Aujourd’hui, au Sénégal et dans la plupart des pays africains, il y a une crise de la légitimité des« choses enseignées » chez les apprenants. Les contenus enseignés sont en effet en décalage avec les attentes des élèves. Ils ne cessent de le crier haut et fort mais leurs cris semblent pour l’heure inaudibles. Les élèves sont de plus en plus nombreux à réclamer des contenus et des programmes en rapport avec leur environnement sociétal et culturel. C’est la nature même des contenus enseignés, leur pertinence, leur consistance, leur utilité, leur intérêt, leur valeur éducative ou culturelle qui leur posent aujourd’hui problème. Les méthodes livresques, encyclopédiques dont l’unique finalité est la culture générale par la mémorisation ne font plus sens chez les élèves. Il y a un réel désenchantement scolaire au Sénégal malgré l’engouement toujours tenace pour les diplômes. Les choix éducatifs sont donc bel et bien des enjeux culturels. C’est là tout le sens du lien entre éducation scolaire et culture locale. C’est fort de ces constats scientifiques que l’Etat doit envisager sa réforme curriculaire. Celle-ci ne peut se satisfaire des séminaires de cadrage ou de production où les acteurs conviés viennent pour valider des dispositifs qui sont ficelés en amont dans les bureaux des ministères et des directions.

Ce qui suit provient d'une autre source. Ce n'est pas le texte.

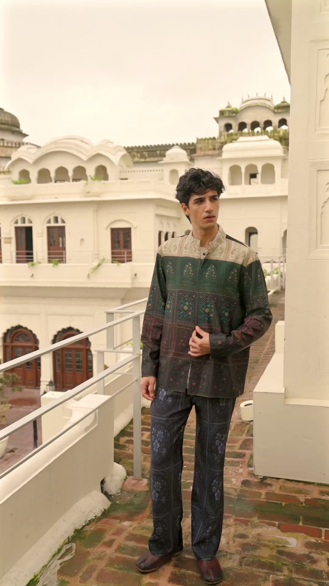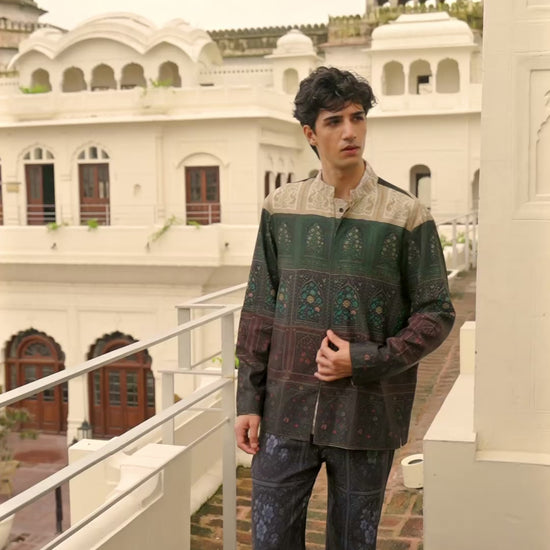 Relaxed fit shacket in a vivid Mughal-inspired floral panel print. Architectural arch motifs all over. Band collar with front button-down and concealed button placket. Straight fit with full sleeves in an all-over print. Can be worn as a standalone shirt or layered as a lightweight jacket.
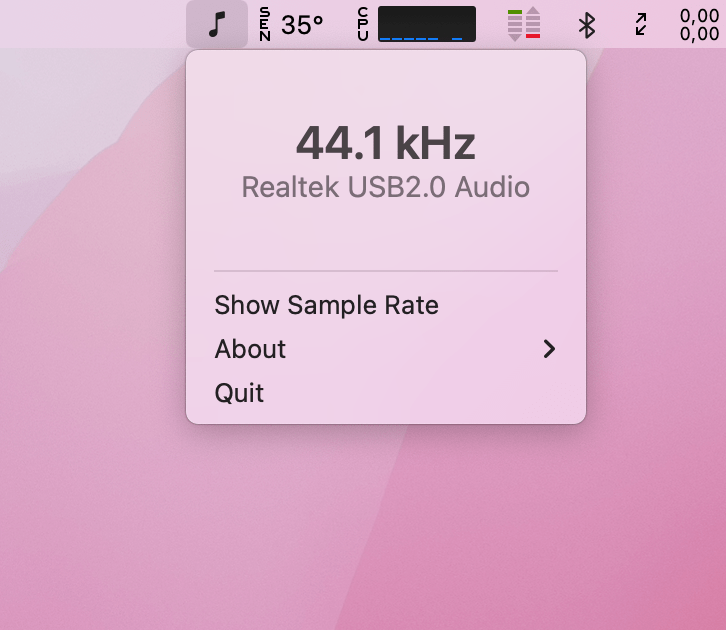 LosslessSwitcher gets around this by checking the sample rate of songs being played in the Music app at all times, and then changing the audio output format in the Audio MIDI Setup app automatically. The current sample rate will also be displayed in the menu bar for you to check.
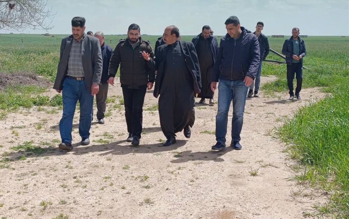 تفقد عضو المكتب التنفيذي للشؤون الزراعية في محافظة دير الزور المهندس ياسر عبوش، يرافقه وفد من مديرية الزراعة ونقابة المهندسين الزراعيين، الواقع الزراعي في منطقتي الجزرات والكبر بالريف الغربي للمحافظة.
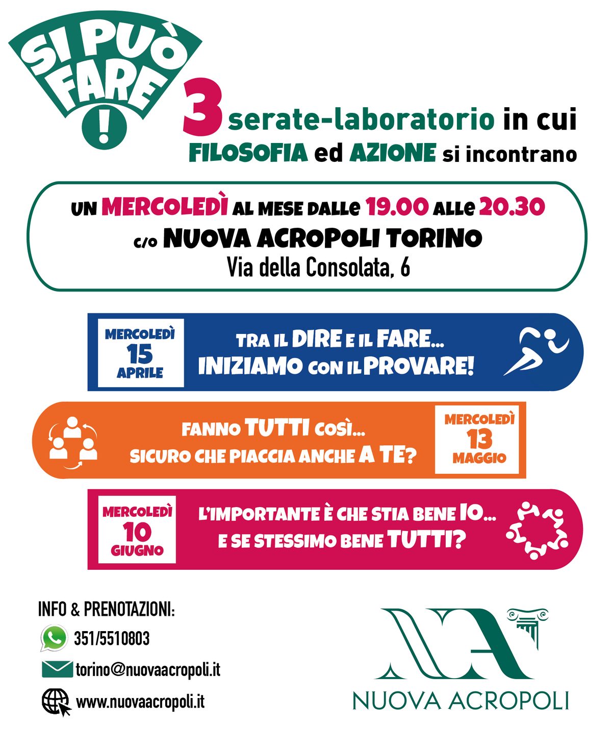 Vi aspettiamo numerosi un mercoledì al mese dalle 19.00 alle 20.30 presso la nostra sede associativa in via della Consolata 6, per sperimentare la conoscenza di sé in chiave filosofica.
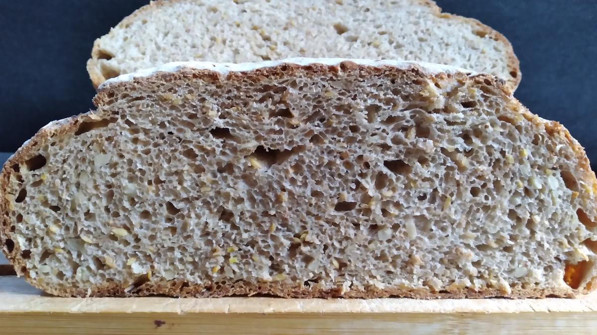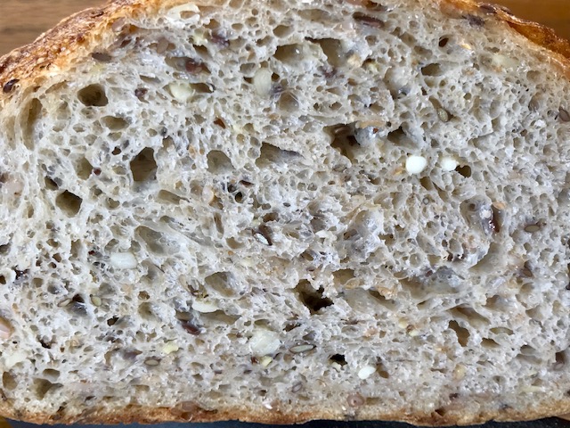 It looks great.  Surprisingly open for a loaf so heavily loaded with soaker contents.
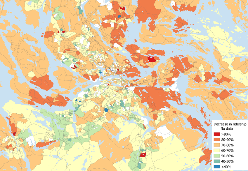 Ett mönster framträdde där resenärer från resurssvaga områden med låg utbildningsnivå och många utrikesfödda i högre grad än andra fortsatte att resa kollektivt. Bland dem som bromsade in resandet mest var personer från villaförorter med de högsta inkomsterna och högsta utbildningsnivåerna.
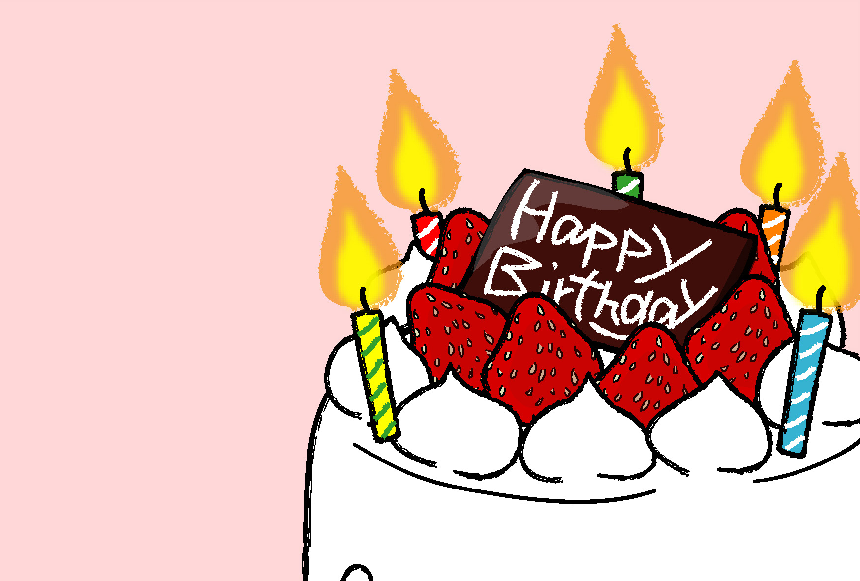 誕生日のお祝いはがきテンプレート「ほんわかバースデーケーキ」ダウンロード
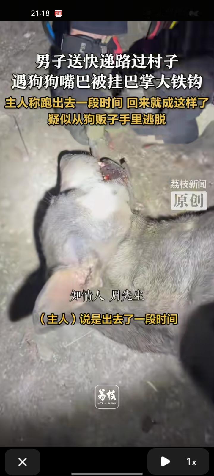 12月9日,绍兴诸暨市。网友晒视频称,自己送快递时遇到狗狗嘴巴上挂着大铁钩,起初以为是挂在脖子上的扣子。狗主人可能是怕它过激了,后来宠物医生给它催麻才把钩子取下来了。事后狗主人称是出去一段时间,回来就成这样了,疑似从狗贩子手里逃脱。
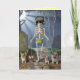 A cute dog greeting card featuring a skeleton walking his small dogs in a graveyard.
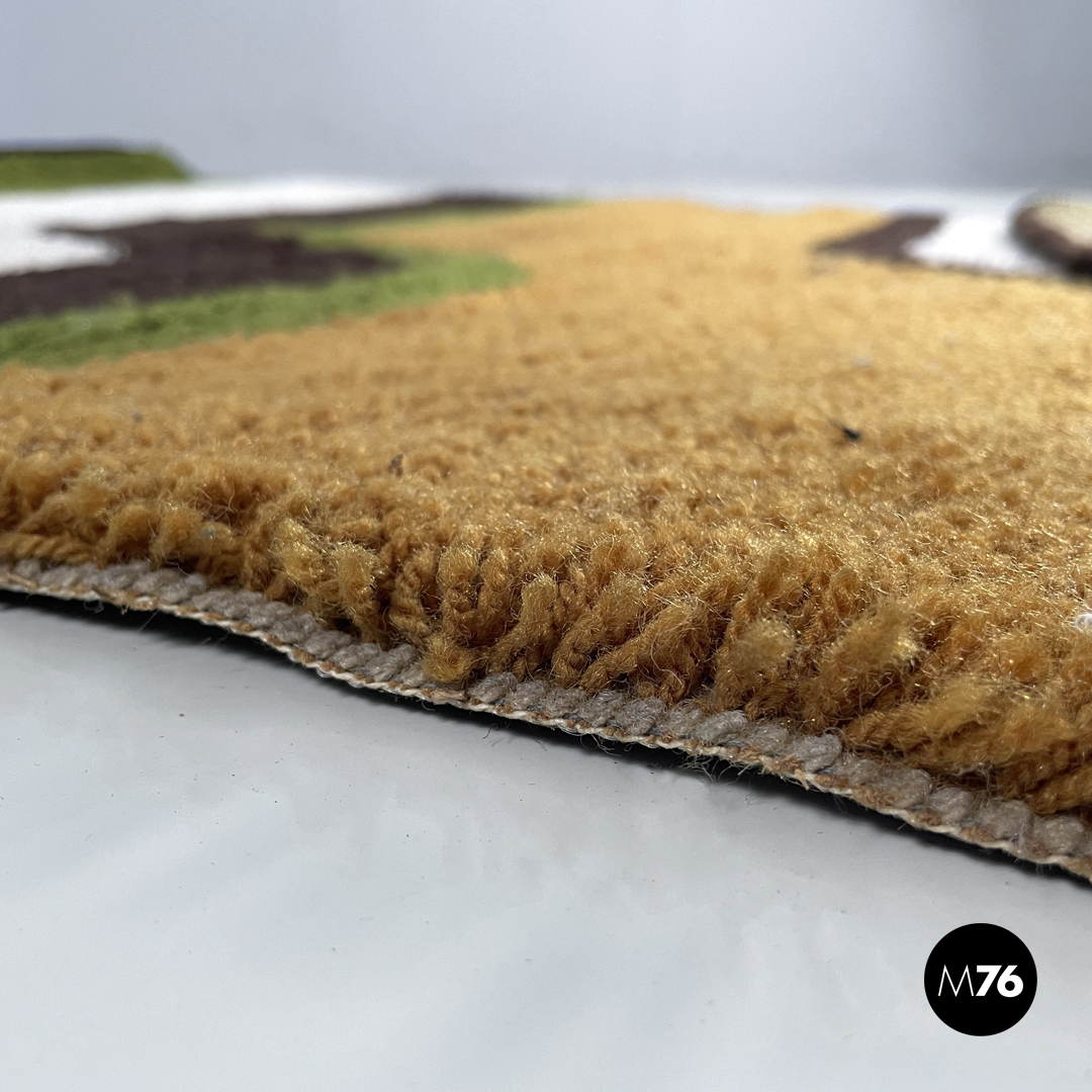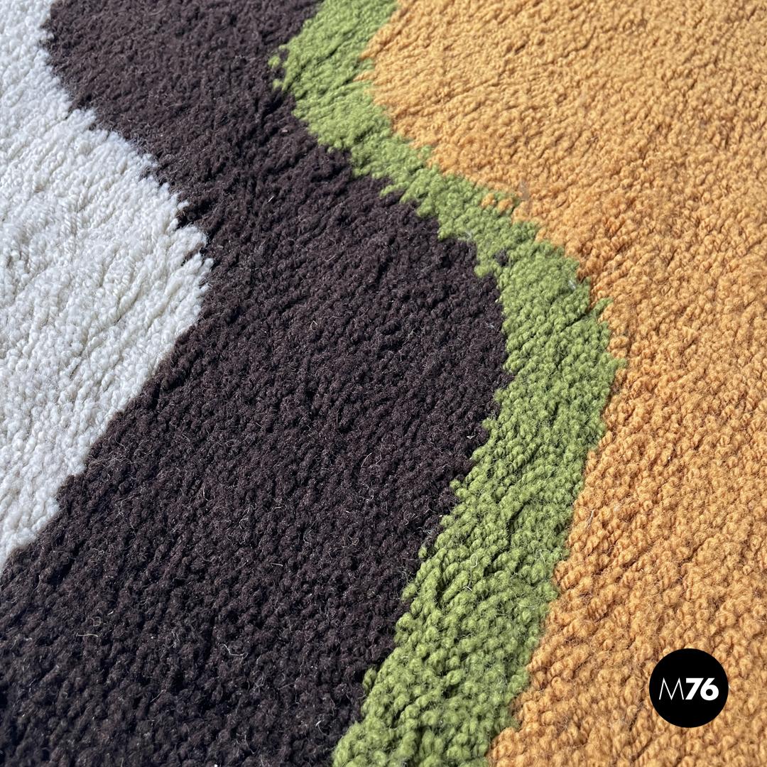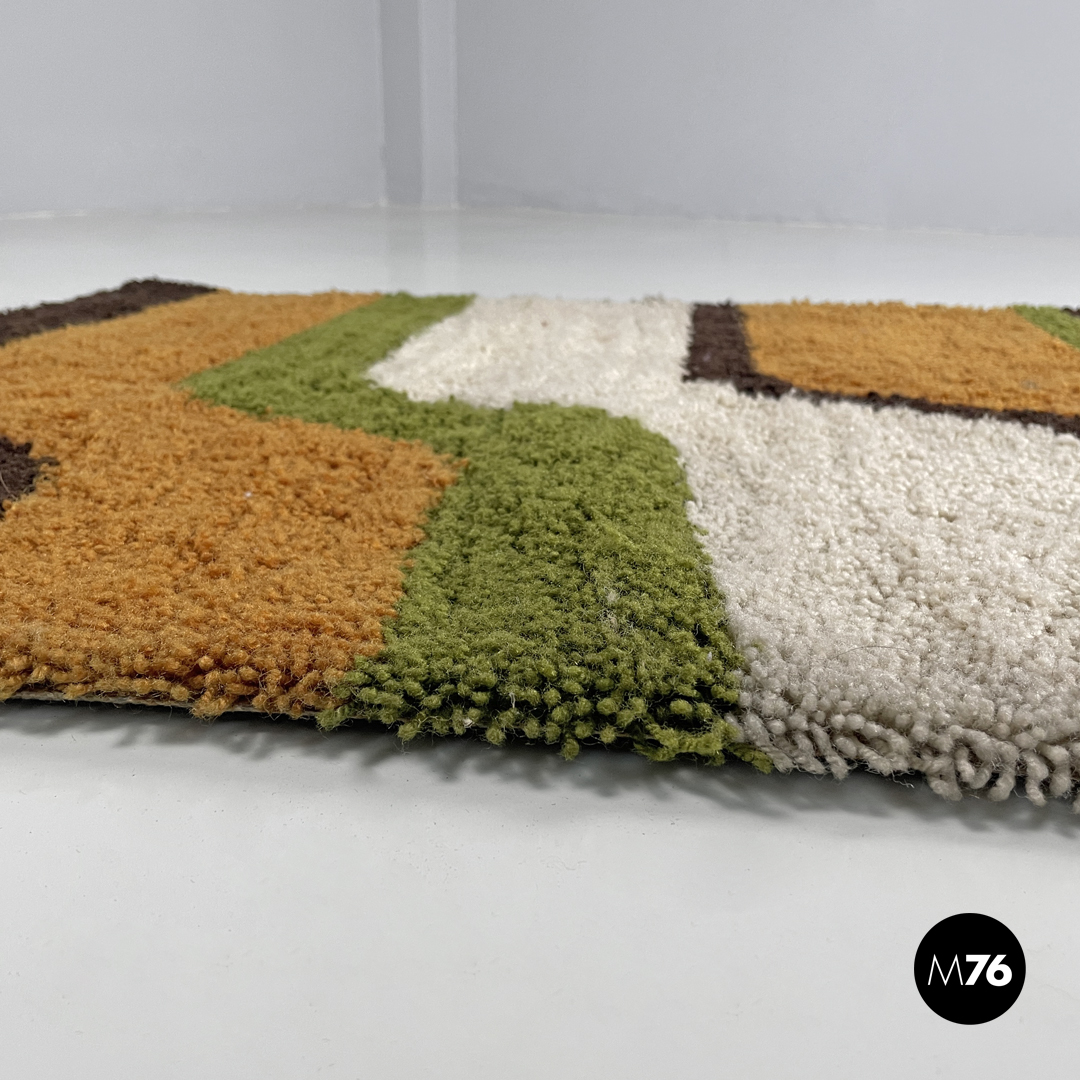 Tappeto a pelo corto in marrone, arancione, beige e verde, 1970 ca.

Pour une réforme pertinente et efficace du système scolaire au Sénégal, il convient de faire preuve de courage et d’engagement en misant sur une remise en question radicale de la langue d’enseignement en vigueur, à savoir le français. Au niveau de la recherche universitaire, la nécessité de recourir exclusivement aux langues nationales n’est plus à démonter, elle est scientifiquement démontrée et politiquement justifiée. Les centres d’intérêt de cette recherche se sont déplacés à un autre niveau, celui de la détermination de la langue nationale à choisir pour harmoniser le système dans sa globalité. C’est dire que les programmes d’enseignement bilingue qui sont en mis en œuvre comme le Renforcement de la Lecture initiale pour Tous (le RELIT) ne sont pas à la hauteur des enjeux. Ils mènent à la dispersion et à des fractures scolaires : un Etat doit garantir l’homogénéité scolaire et linguistique.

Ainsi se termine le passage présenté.